— Cette Berthe, quel type ! Mme Jules Ferron se gondolerait à l’entendre, fait Thérésa, dont les réflexions manquent assez souvent aux plus élémentaires convenances.
— Ne croyez donc pas un mot de ce qu’elle vous dit. Berthe a le don de faire des charges à propos de tout. Je vous assure que cette soirée a été un peu longue, un peu morte, mais pas si ennuyeuse que vous l’imaginez.
On entre là à petits pas, comme dans une chapelle : l’harmonium est dans le coin, le buste de Jules Ferron, au milieu. Il y a des sièges. Des fleurs aussi…, sur le tapis. Aux murs des tableaux anciens, alternant avec des glaces.
Mme Jules Ferron parle à chacune de nous ; il faut lui répondre avec mesure, avec tact ; elle applaudit d’abord, on applaudit ensuite. On l’applaudit elle-même, quand elle joue en grande artiste du Beethoven.

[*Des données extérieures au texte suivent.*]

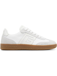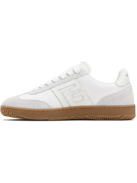 Low-top calfskin suede and cotton canvas sneakers. · Serrated edges throughout · Lace-up closure · Logo stamp at padded tongue · Padded collar · Logo patch at sides · Logo stamp at outer side and heel tab · Buffed leather lining · Treaded rubber sole Supplier color: White Upper: calfskin, textile. Sole: rubber. Made in Italy 252251F128002

Vous lui verrez un air riant, et dans sa longue robe à traîne, une dignité simple qui la transforment ; nous ne sommes plus ses élèves, mais ses invitées. C’est très curieux à observer. Par malheur, nous, nous ne changeons pas ; la gaieté se fige sur tous les visages, il y a quelque chose de contraint, de glacial, qui gâte la fête qu’on nous offre.
Les « troisième année » ont joué M. Perrichon ; Labiche a, paraît-il, toute l’année les honneurs du tapis bleu, puis on a pris le thé, debout devant sa chaise ; Mme Jules Ferron tient la théière et passe, Mlle Lonjarrey suit… avec le rhum et le sucrier, la doyenne offre les gâteaux secs ; on boit timidement, avec la terreur de commettre une maladresse. Les tasses sont de Chine, offertes à l’orateur par un mandarin de passage et…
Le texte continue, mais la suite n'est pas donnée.